In plain English: downtown bachelorette parties, bass-fishing enthusiasts and SEC football diehards are footing the bill for things like schools — in fact, Ezell said, tourism accounts for 95% of education funding in Tennessee. “When somebody takes a Tennessee vacation,” Ezell said, “it helps pay for a teacher’s salary, for classrooms, for the future of our children, and it keeps our taxes low.”
Visit Knoxville is the organization charged with putting our big little city on the map: luring travelers, booking conferences and events, recruiting film and TV productions, and generally making sure people know we exist (and want to come here). And they know the importance of a catchy calling card.
Earlier this summer, Visit Knoxville announced a new partnership with The Zimmerman Agency, an advertising firm with decades of experience in this sort of thing. While they’re headquartered in Tallahassee, Fla., they have staff based here in Knoxville and their team spent plenty of time getting to know the city. I actually met them back in June while Visit Knoxville folks were taking them on a tour downtown. They were waiting at the crosswalk; I was the lady crouched on Gay Street photographing a tiny bronze Knoxville Newt on a drainpipe.
You know, just a totally normal Knoxville person doing totally normal Knoxville things.
Just … being curious.
Enter: ‘Calling the Curious’
This is the one we’re going with.
The Zimmerman team described the campaign as a “rallying cry” — something broad enough to flex across audiences: families, sports fans, music aficionados, outdoor adventurers, indoor cats, etc. The first round of creative materials (shown in draft AI-rendered form at the reveal party — I swear I spotted a Sasquatch on a mountain bike) leaned hard into curiosity as both theme and tone. The full rollout of “Calling the Curious” will ramp up in the months ahead.
Alyssa Sloan, Visit Knoxville’s senior director of marketing, explained the thinking behind the choice. Unlike the laundry-list approach of the previous campaign, “Calling the Curious” is an open-ended invitation. “This new direction works to welcome all to explore whatever they find interesting as they visit Knoxville,” she said. “Like who among us, for example, is not curious about the Sunsphere, especially those mysterious upper floors?”
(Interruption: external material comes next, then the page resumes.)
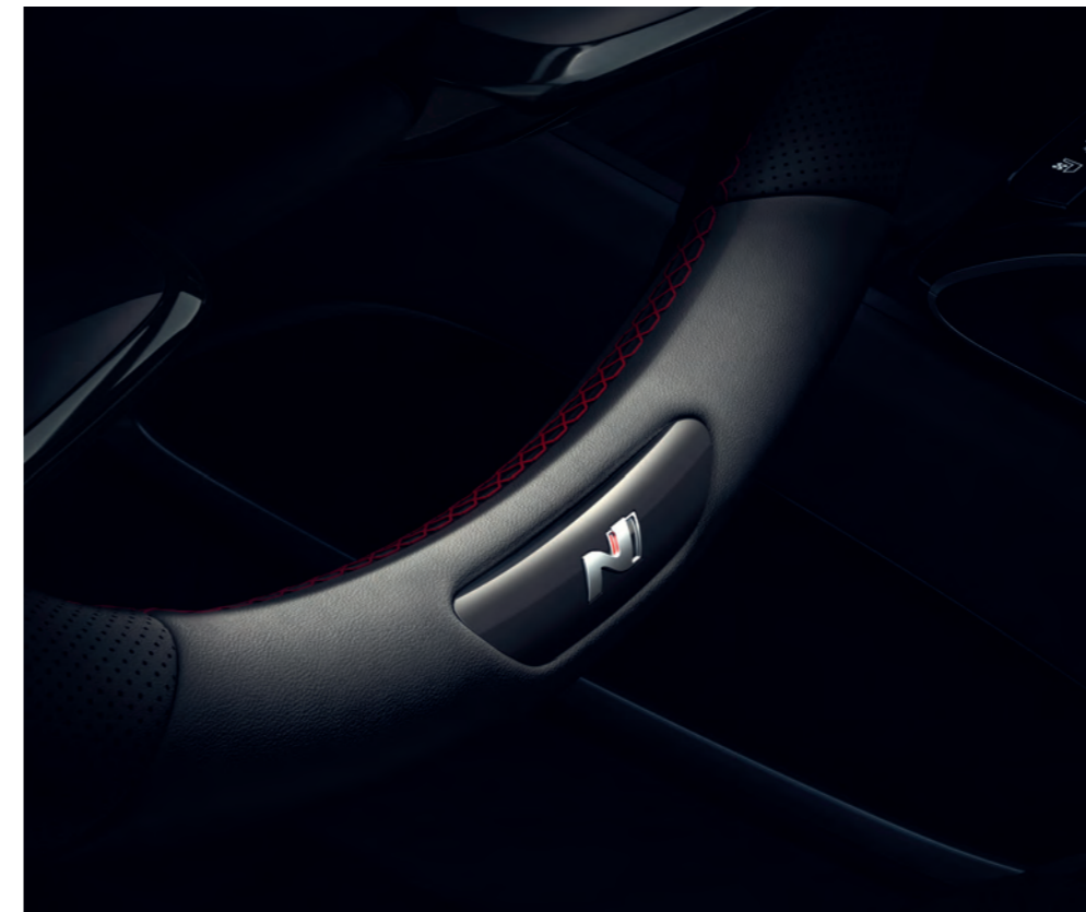
Športový volant N Line s metalickými ramenami, potiahnutý jemnou kožou s červeným kontrastným prešívaním, hrdo nesie logo N.

Vitajte na úplne novej úrovni precíznosti. Usadte sa do modifikovaného kokpitu úplne nového modelu TUCSON N Line a okamžite pocítite jeho elegantnú, profesionálnu atmosféru. Športové sedadlá N Line sú potiahnuté luxusnou kombináciou perforovaného umelého semišu a kože. Sú opatrené logom N a červeným kontrastným prešívaním, ktoré sa opakuje aj na obložení dverí a laktovej opierke. Ďalšie dizajnové prvky N možno nájsť na koženej hlavici radiacej páky alebo kryte konzoly s tlačidlami jazdného režimu shift-by-wire – podľa zvolenej prevodovky. Osobitý športový nádych dodáva interiéru čierny strop kabíny. Ďalšie špecifické prvky N predstavujú kovové pedále, opierka ľavej nohy a dekoratívne obklady na prahoch dverí.

That got a laugh. But also… seriously, what is up there.
Knoxville contains multitudes. Maybe you’re curious about opera, or the Urban Wilderness, or both. “The truth is,” Sloan said, “Knoxville has endless experiences on tap, and this tagline aims to invite all types of explorers to see that for themselves.”
Visually, the tagline is displayed in a bold but quirky font on a banner — something that looks halfway between a Wes Anderson title card and birthday bunting for a fairy garden. It’s not slick or glossy; it’s proud, charming and a little offbeat. Sort of like Knoxville itself. Fly your lil freak flag, Knoxville!
Knoxville might not be the “scruffy little city” it once was. But as more folks catch on to our secret sauce, it feels like the right time to double down on what makes us us. Local musician Todd Steed sang, about North Knoxville, “It’s the last place in America that ain’t trying to be somewheres else.” I think we can extend that blessing outward. At our best, Knoxville isn’t trying to be Chattanooga, Asheville or (lord knows) Nashville. We don’t have to try too hard, or pretend. We can just keep calling the curious — and trust they’ll find plenty worth discovering when they get here.